(SUPPLIED DATA Opens)

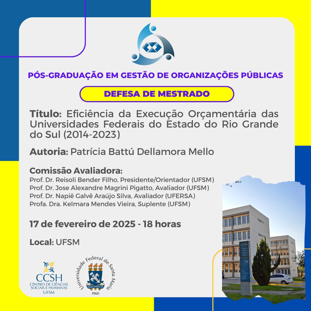 O Programa de Pós-Graduação em Gestão de Organizações Públicas divulga a banca de defesa de mestrado da aluna Patrícia Battú Dellamora Mello, com o título “Eficiência da Execução Orçamentária das Universidades Federais do Estado do Rio Grande do Sul (2014-2023)”, que ocorrerá no dia 17 de fevereiro de 2025, às 18 horas. Link para acesso à videoconferência: https://meet.google.com/oys-rumn-skt.
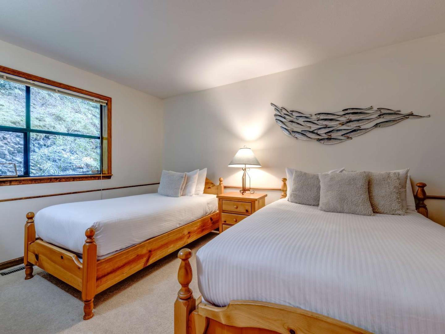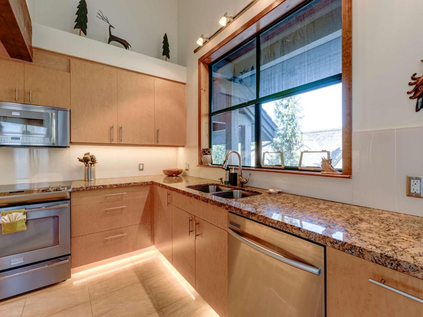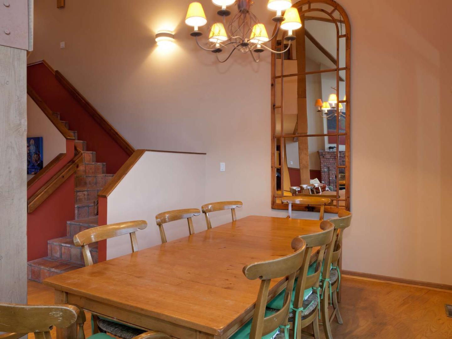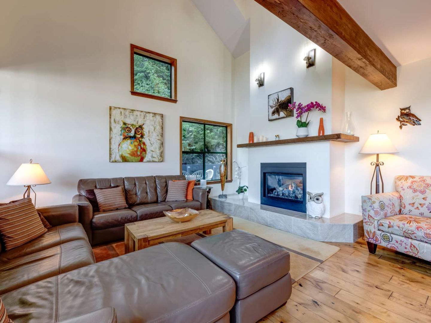 Comfortably furnished and open, the main level Great Room of the Northern Lights Townhomes incorporate a living room, kitchen and dining area into a space that is inviting for the entire group to entertain. Quality furnishings are set in front of a stone fireplace and under vaulted ceilings in the living room which is framed by large windows exposing breathtaking views of the surrounding mountains. Bedrooms are distributed over the multiple levels of the spacious units providing an added level of privacy for guests wanting some time away from the group. Most Northern Lights units feature a second living area or den and many include a private hot tub on the deck.
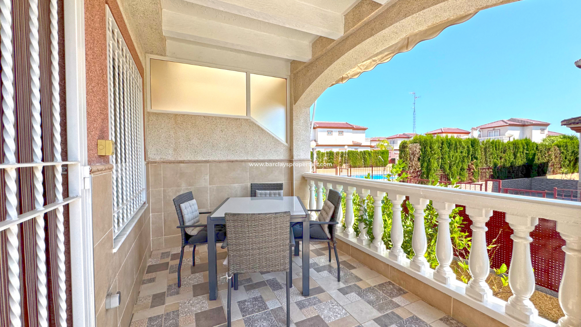De buitenruimte is ideaal om te genieten van het mediterrane klimaat, met toegang tot een goed onderhouden gemeenschappelijk zwembad.

(SUPPLIED DATA Closes)

WORK INSTRUCTION:
A word-for-word copy of all the data is required, minus the pictures.

EXERCISE RESPONSE:
 O Programa de Pós-Graduação em Gestão de Organizações Públicas divulga a banca de defesa de mestrado da aluna Patrícia Battú Dellamora Mello, com o título “Eficiência da Execução Orçamentária das Universidades Federais do Estado do Rio Grande do Sul (2014-2023)”, que ocorrerá no dia 17 de fevereiro de 2025, às 18 horas. Link para acesso à videoconferência: https://meet.google.com/oys-rumn-skt.
 Comfortably furnished and open, the main level Great Room of the Northern Lights Townhomes incorporate a living room, kitchen and dining area into a space that is inviting for the entire group to entertain. Quality furnishings are set in front of a stone fireplace and under vaulted ceilings in the living room which is framed by large windows exposing breathtaking views of the surrounding mountains. Bedrooms are distributed over the multiple levels of the spacious units providing an added level of privacy for guests wanting some time away from the group. Most Northern Lights units feature a second living area or den and many include a private hot tub on the deck.
De buitenruimte is ideaal om te genieten van het mediterrane klimaat, met toegang tot een goed onderhouden gemeenschappelijk zwembad.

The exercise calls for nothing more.